Good day forex trading koalas.
Welcome to other review of the correlation between the EURUSD and SP500.
We noted in the Dec 10 review that starting from mid November, the correlated pair started to deviate from the risk aversion model. Under this model, when the risk appetite is strong, US dollar is dumped in favor of higher yielding assets such as equities. When risk aversion occurs, high yield assets such as equities are dumped in favor of traditionally safe assets such as the US Dollar. However starting from mid November, the EUR/USD seemed to strengthen or weaken together with the S&P 500. This suggested that the troubled Euro Zone with it’s deficit crisis might be causing the Euro currency to lose it’s appeal to investors.

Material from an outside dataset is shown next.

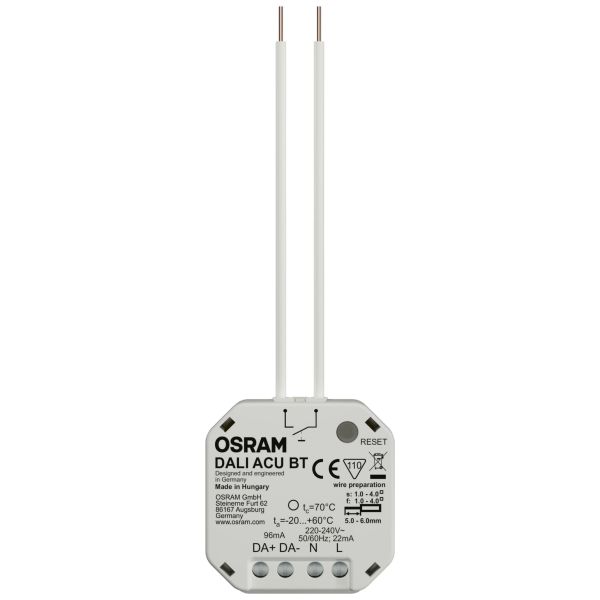 Kontrollenhet DALI ACU BT tilbyr enkel lysstyring og bytte mellom hvitt lys og Tunable White (TW), lagring av lysscener og manuell overstyring når som helst via en smarttelefon i kombinasjon med ON/OFF eller lysstyring med standard trykknapper. Kan kombineres med OSRAM DALI tilstedeværelses- og bevegelsessensorer. Opptil 32 elektroniske drivere kan enkelt kobles til en enhet. Gratis app for iOS og Android Perfekt for bruk i klasserom, kontorer, konferanserom og innganger.

Looking at the chart comparison of the EURUSD ( blue ) and SP 500, we once again note that the currency pair is usually more volatile. Typical of currencies. What is more interesting is that the correlation seems to have reverted back to the risk aversion model.
If you are new to the class, welcome aboard! I always mentioned that currency exchange movements are affected by many factors. The various markets are all interlinked and the only way to succeed in currency trading is to get an in-depth understanding of the various relationship.
So why is the risk aversion model back? If you have been reading the daily and weekly EUR/USD reviews, you will notice that confidence in the Euro Zone is recovering. The markets believe that the officials of the Euro Zone are working together to curb the deficit crisis and pledges of support by Germany to do whatever required to protect the Euro currency is encouraging. Furthermore, economic giants like China and Japan have voiced their support too. Therefore with the increased confidence, demand for the Euro currency as a high yield asset is increasing. This puts it together with the other high yield assets such as equities. This enforces the concept that the various markets including the currency exchange are all interlinked.
Having said so, sentiments often change without warning and hence close monitoring must be done. If the Euro Zone continues to strengthen, we will probably continue to see the risk aversion model. If trouble brews in the Euro Zone, the demand for the Euro currency may reduce again.